The Put system has also been linked to the ability of various pathogens to colonize and infect hosts. In S. meliloti, a ΔputA strain has a weakened ability to form root colonies [35] and, moreover, strains complemented with additional copies of putA are more competitive at establishing a symbiotic relationship with alfalfa [36, 37]. The Put system has also been linked to infectivity in both Helicobacter hepaticas and Helicobacter pylori [28, 29, 38], and the Put system plays a role in regulating the cell cycle within Ehrlichia chaffeensis [39]. Our data demonstrate that PutA and PutR are also required for B. abortus to infect animals (Fig. 1), and thus, it is possible that proline is available to the brucellae during host colonization; however, further work is needed to empirically determine whether proline is an essential host-supplied amino acid for Brucella spp.
There are two likely reasons for the Put system to contribute to virulence: it may provide an efficient respiratory pathway and/or it may aid in inducing anti-oxidative pathways. PutA acts in a two-step process to generate glutamate from proline [12, 31, 32]. In the first step, proline is oxidized to Δ1-pyrroline-5-carboxylate, which is then non-enzymatically hydrolysed to glutamate-γ-semialdehyde. This step leads to the reduction of FAD and the regeneration of ubiquinone in the TCA cycle. In the second step, glutamate-γ-semialdehyde is oxidized to glutamate, generating NADH. From glutamate, α-ketoglutarate can be generated by Brucella to enter into the TCA cycle [40]. Thus, this mechanism represents a potentially efficient system for generating cellular energy products and for using proline as a respiratory metabolite, and given that PutA is an active proline dehydrogenase in Brucella (Fig. 5), this mechanism is highly plausible.

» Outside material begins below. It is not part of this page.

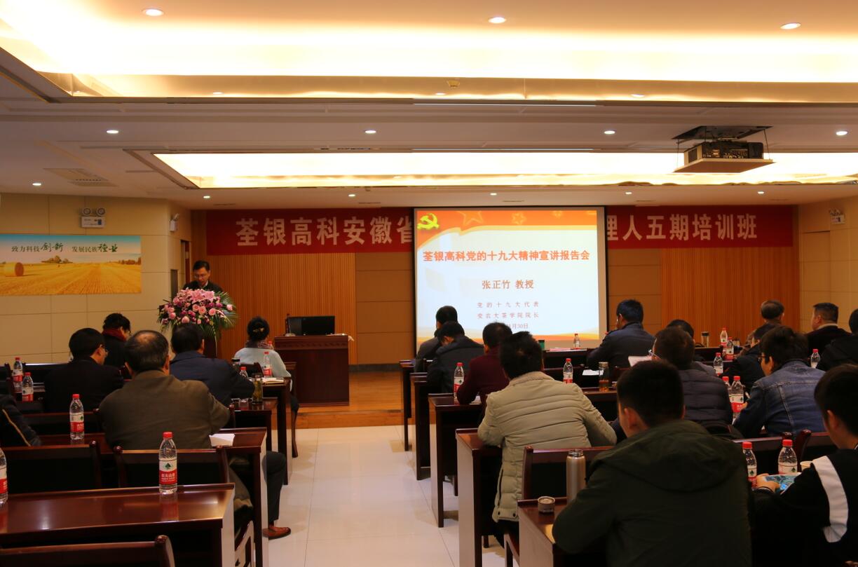 2017年11月30日上午,為深入學(xué)習(xí)宣傳中國共產(chǎn)黨第十九次全國代表大會(huì)精神,荃銀高科邀請黨的十九大代表、安徽農(nóng)業(yè)大學(xué)茶與食品科技學(xué)院院長張正竹教授來公司作黨的十九大精神宣講。宣講報(bào)告會(huì)在荃銀高科六樓多功能廳舉行,公司經(jīng)營班子成員、全體黨員、安徽省首屆農(nóng)業(yè)職業(yè)經(jīng)理人學(xué)員以及公司部分員工參加了學(xué)習(xí)。會(huì)議由公司黨支部書記廖孝波主持。

It has also been shown that the PutA acts to induce anti-oxidative stress genes in E. coli through production of reactive oxygen species (ROS) [28, 30]. The exact mechanism for this ROS production was not explored, but it was suggested that ROS were generated through the increased flux through the electron transport chain, leading to the formation of superoxide species and production of H2O2. This rise of endogenous H2O2 would then be sufficient to induce anti-oxidative systems, and the higher basal level of anti-oxidative systems could result in oxidative stress resistance. In Brucella, the two-component system NtrX/NtrY was shown to be a redox sensor, and essential for virulent infection [41], and intriguingly, this system regulates putA in Ehr. chaffeensis [39]. While no connection between the NtrX/NtrY system and the Put system is known of in Brucella, this tentatively shows that the anti-oxidative functions of PutA may be important in Brucella. Interestingly, we did not observe a defect in the ability of the B. abortus Δ putA strain to cope with oxidative stress, but rather, the ΔputR strain exhibited increased sensitivity to H2O2 stress (Fig. 2). This indicates that PutR is involved in the appropriate response of the B. abortus to H2O2 stress, but it is possible that PutR controls the expression of genes other than putA to mediate this oxidative stress response function. This possibility is currently being investigated by our group.
Given that PutR positively regulates the expression of putA in B. abortus (Fig. 3), the observation that the B. abortus Δ putA strain exhibited a more robust attenuation compared to the ΔputR strain was surprising (Fig. 1), because it might be expected that both the putA and putR deletion strains should exhibit similar levels of colonization in the animal model. However, our results show that while putA expression is significantly decreased in the ΔputR strain, the expression of putA is not completely abolished, and thus the ΔputA and ΔputR strains should not display equivalent levels of virulence in the mouse model of infection. Additionally, as postulated in the previous paragraph, it is likely that PutR controls the expression of other genes in B. abortus, and therefore it is not surprising that the ΔputR and ΔputA strains exhibit dissimilar virulence phenotypes.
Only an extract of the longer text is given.